TASK GOAL.
Retype every line from the start of the data down to and including the line with "仿真以关键角色出现的另一个应". Skip the pictures.

[Data excerpts]
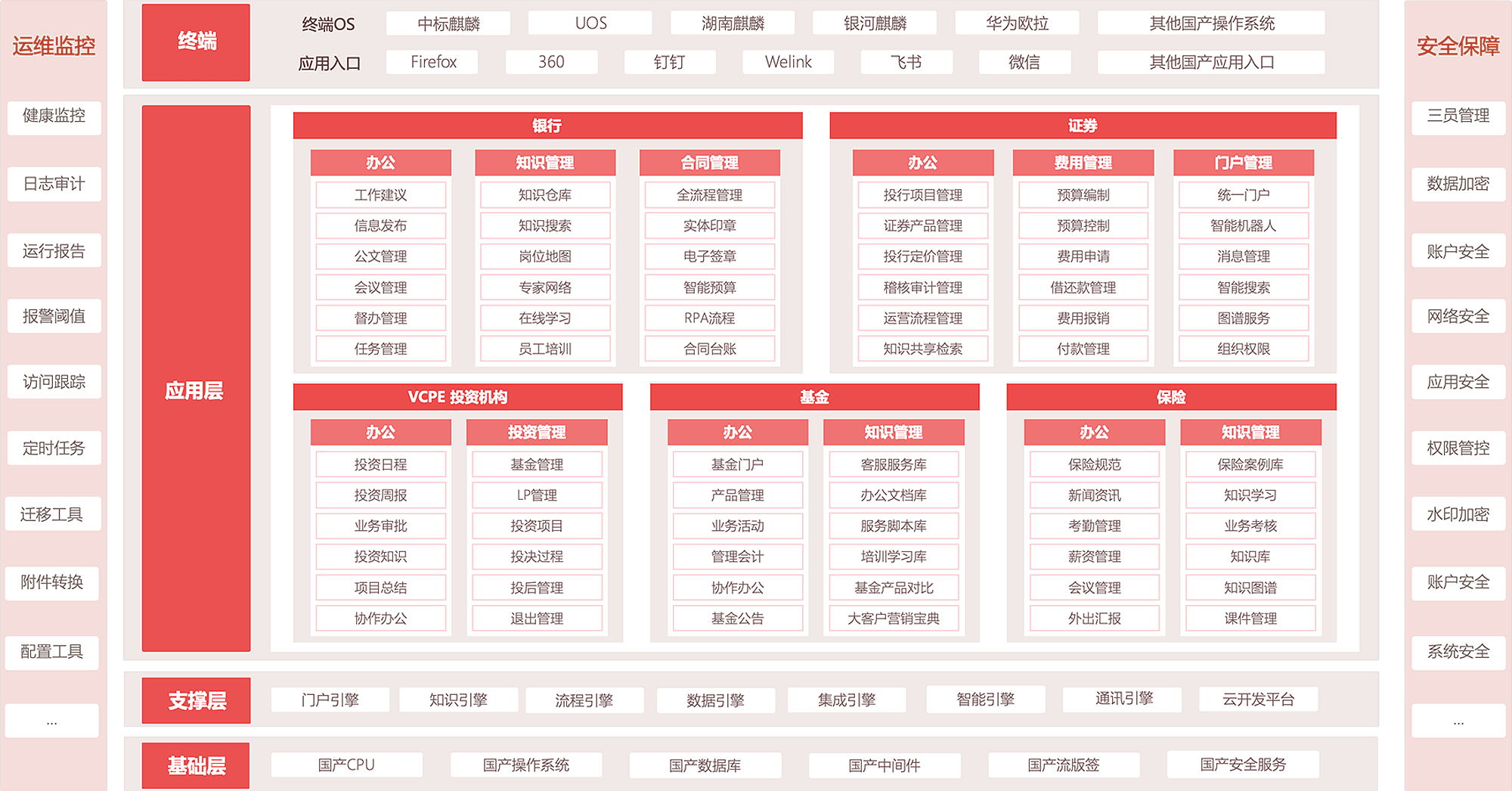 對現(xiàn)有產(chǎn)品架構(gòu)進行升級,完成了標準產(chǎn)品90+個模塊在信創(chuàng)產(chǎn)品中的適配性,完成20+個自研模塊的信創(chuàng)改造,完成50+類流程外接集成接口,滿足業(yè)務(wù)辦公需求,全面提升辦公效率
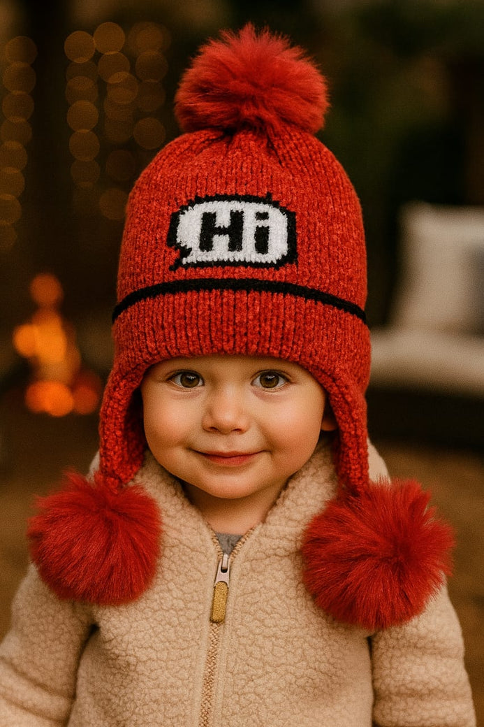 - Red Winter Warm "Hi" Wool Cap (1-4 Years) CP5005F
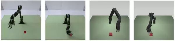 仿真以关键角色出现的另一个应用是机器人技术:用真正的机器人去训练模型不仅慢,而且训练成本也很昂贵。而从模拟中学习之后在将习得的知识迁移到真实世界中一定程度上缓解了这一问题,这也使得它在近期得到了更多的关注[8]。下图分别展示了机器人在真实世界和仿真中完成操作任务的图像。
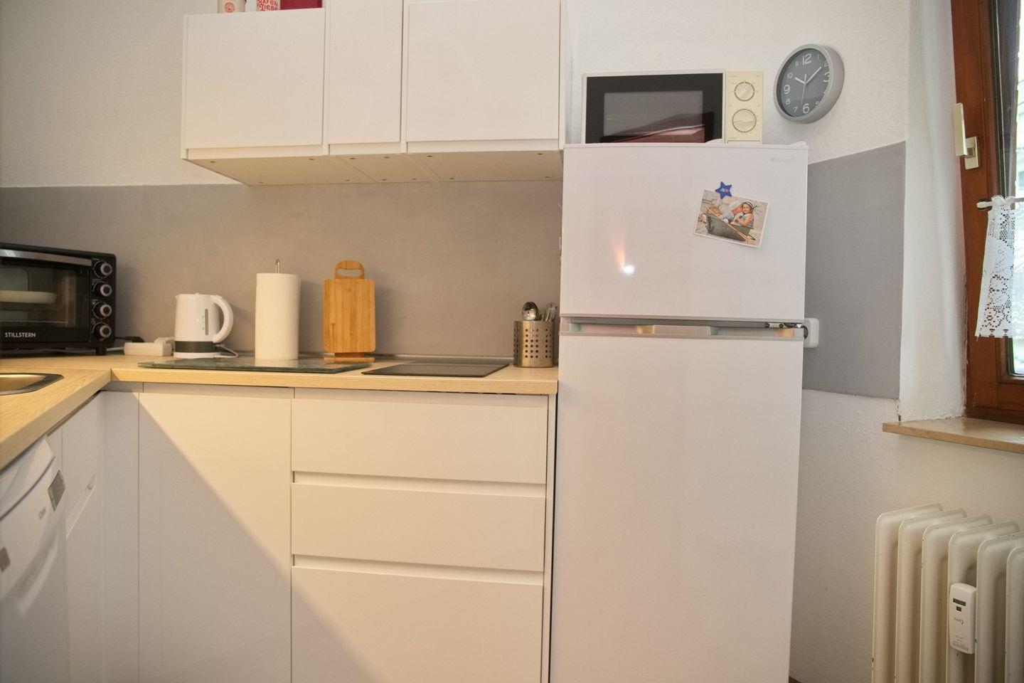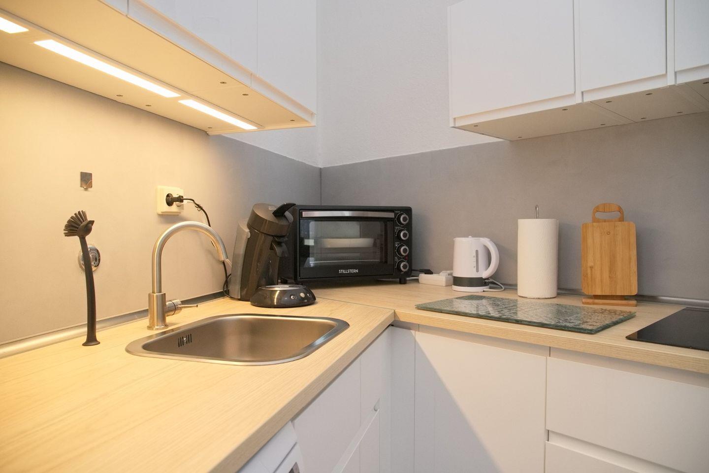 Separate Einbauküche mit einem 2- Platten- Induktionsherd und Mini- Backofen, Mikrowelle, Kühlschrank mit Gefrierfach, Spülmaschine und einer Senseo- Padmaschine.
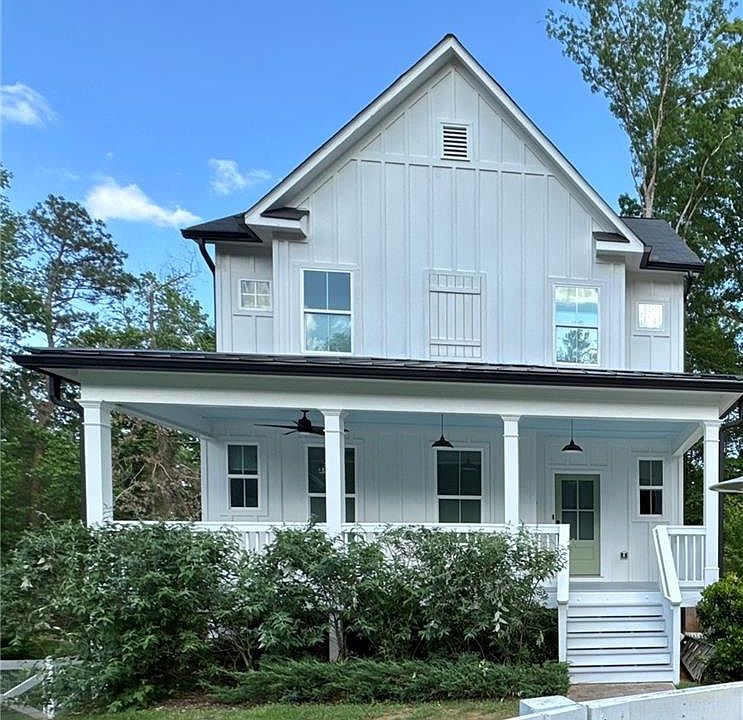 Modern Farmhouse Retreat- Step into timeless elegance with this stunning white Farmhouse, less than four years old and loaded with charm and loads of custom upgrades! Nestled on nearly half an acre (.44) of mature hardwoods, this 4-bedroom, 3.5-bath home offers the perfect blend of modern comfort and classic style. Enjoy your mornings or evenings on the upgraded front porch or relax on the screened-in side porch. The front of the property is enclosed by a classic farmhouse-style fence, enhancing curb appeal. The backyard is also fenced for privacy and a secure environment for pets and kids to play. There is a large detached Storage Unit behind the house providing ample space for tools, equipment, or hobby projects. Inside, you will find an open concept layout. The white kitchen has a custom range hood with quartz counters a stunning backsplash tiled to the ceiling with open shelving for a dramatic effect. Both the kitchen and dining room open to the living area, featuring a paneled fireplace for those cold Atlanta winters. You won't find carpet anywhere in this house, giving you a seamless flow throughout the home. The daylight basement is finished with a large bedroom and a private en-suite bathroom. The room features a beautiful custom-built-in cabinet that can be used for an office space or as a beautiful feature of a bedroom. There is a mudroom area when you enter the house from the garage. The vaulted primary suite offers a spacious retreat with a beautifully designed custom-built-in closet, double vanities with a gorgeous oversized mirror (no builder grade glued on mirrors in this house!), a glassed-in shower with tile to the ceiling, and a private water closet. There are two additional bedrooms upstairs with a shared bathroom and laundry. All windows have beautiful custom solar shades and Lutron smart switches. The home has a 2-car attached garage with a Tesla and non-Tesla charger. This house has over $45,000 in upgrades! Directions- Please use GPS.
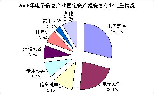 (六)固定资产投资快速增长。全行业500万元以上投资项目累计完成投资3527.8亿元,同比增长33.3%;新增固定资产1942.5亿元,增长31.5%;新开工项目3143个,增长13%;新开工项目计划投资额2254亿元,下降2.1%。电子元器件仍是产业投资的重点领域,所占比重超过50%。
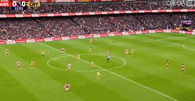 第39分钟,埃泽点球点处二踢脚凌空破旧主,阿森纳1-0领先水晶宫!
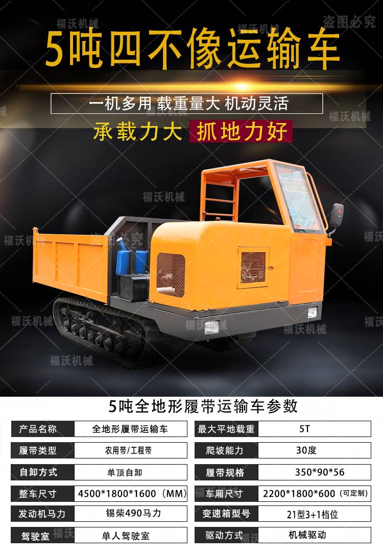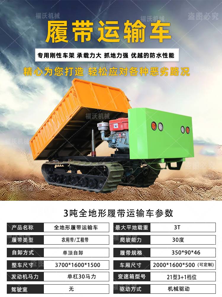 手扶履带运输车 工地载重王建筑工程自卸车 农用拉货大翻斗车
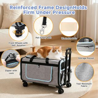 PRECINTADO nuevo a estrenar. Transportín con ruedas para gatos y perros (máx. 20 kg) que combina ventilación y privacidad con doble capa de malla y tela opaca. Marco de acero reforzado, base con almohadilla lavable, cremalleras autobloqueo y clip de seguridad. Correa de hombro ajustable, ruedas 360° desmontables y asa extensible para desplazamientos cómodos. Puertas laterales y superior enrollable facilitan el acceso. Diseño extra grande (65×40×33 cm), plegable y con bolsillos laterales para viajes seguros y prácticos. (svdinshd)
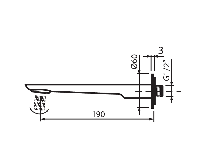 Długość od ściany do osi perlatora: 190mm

WRITTEN REPLY.
 對現(xiàn)有產(chǎn)品架構(gòu)進行升級,完成了標準產(chǎn)品90+個模塊在信創(chuàng)產(chǎn)品中的適配性,完成20+個自研模塊的信創(chuàng)改造,完成50+類流程外接集成接口,滿足業(yè)務(wù)辦公需求,全面提升辦公效率
 - Red Winter Warm "Hi" Wool Cap (1-4 Years) CP5005F
 仿真以关键角色出现的另一个应用是机器人技术:用真正的机器人去训练模型不仅慢,而且训练成本也很昂贵。而从模拟中学习之后在将习得的知识迁移到真实世界中一定程度上缓解了这一问题,这也使得它在近期得到了更多的关注[8]。下图分别展示了机器人在真实世界和仿真中完成操作任务的图像。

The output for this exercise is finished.